Thursday, May 29, 2014

Something Missing From The Elliot Rodger Discourse

As always happens after the all too common mass shootings in this country, there has been a national dialogue opened on a variety of issues, from gun control to misogyny.  These conversations, especially those inspired by the #YesAllWomen hashtag have been revealing and important.  However, there has been less discussion of the killer's racism, particularly on his animus against Asians.  (Folks like Chauncey DeVega have been highly notable exceptions.)

This point was brought home to me yesterday at lunch where I was talking to a work colleague who is an immigrant from China.  She had been following the story in the Chinese news, and was particularly alarmed that the killer had targeted Asian students, stabbing his three Chinese-American roommates to death.  To her it was obvious that Rodgers' hatred of Asian-Americans motivated his actions as much as his misogyny, something that ought to be plain as day.  After all, these were his first victims, and half of those who tragically died.

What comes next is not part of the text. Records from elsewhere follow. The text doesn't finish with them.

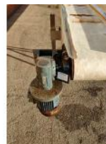
Reference: PNS-030 PLASTIC BAND CONVEYOR BELT Year: . Brand: .
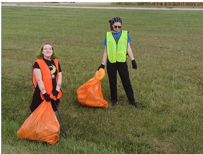
FIGURE 2: Two Gamma Chi members have collected hefty bags of trash.
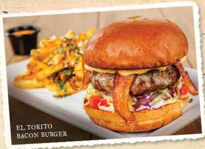
EL TORITO BACON BURGER

Our house-made tortilla soup served with our signature Mexican caesar salad. 8.50
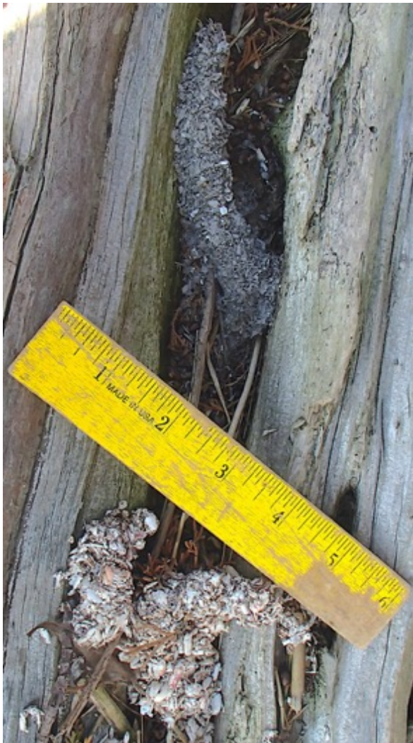
Photo 37. Raccoon latrine composed of fish (above the ruler) and crayfish remains (below) and elevated above the ground on a log adjacent to water.

As noted in the section “ DESCRIPTION OF AN OTTER LATRINE ” and photos 3-13 above, otter scats on Long Island are most often composed of the remains (scales, bones and shell fragments) of fish and crustacean prey. Raccoon latrines are often located in the vicinity of otter latrines, and as with the tracks of the two species, distinguishing the scats of both can be confusing when both are feeding on crustaceans (crabs and crayfish). Fortunately, crustaceans are most readily available during the late spring through early fall months and not during the best months (November through April) to survey for otter sign. During late fall through early spring otter scats are mostly fish remains and raccoons are feeding on mast (acorns, beechnuts and hickory nuts), carrion, berries and fruits. During that time raccoon scats usually reflect their omnivorous diet with undigested seeds and fruit husks usually visible. Raccoons will also scavenge carrion, including remnants of fish after filleting. The resulting scats are very otter-like in appearance but easily distinguished by the smell test. See “CAUTION” note below.
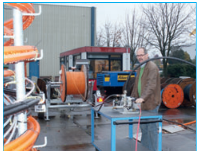
TKF's ACE test facility
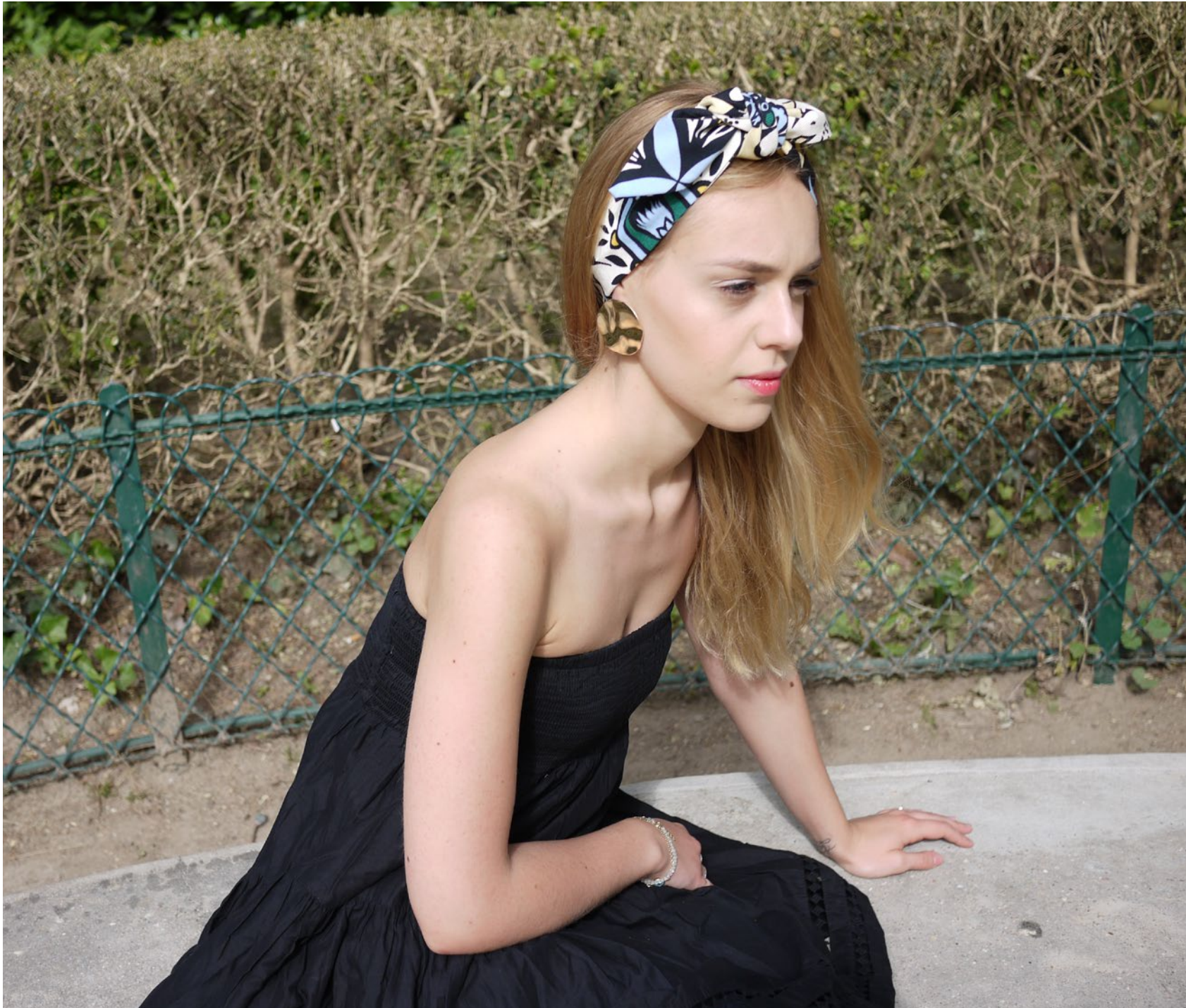
Headband Marissa - Made in Paris

Sadly, they don't fit into the narrative that has been built around Rodger, which sees him solely as a shooter who targeted women.  He certainly did shoot, and he certainly did target women, I don't dispute that, obviously, or that this event ought to prompt us to think deeply and seriously about sexism and gun laws.  It should also, however, be just as important for us to discuss racism's role in all of this, specifically anti-Asian racism, and particularly how internalized racism can have violent consequences, considering that Rodger had an Asian mother.  Perhaps this is because racism against Asians is rarely discussed in this country, or because of our country's typical hesitance to broach the subject of race when the dynamics are more complicated.   (As Chauncey DeVega has written, a lot of folks just seem to be unable to understand how whiteness works or that race is a social construct.)  In any case, it's a topic that ought to be getting more discussion in the current public discourse.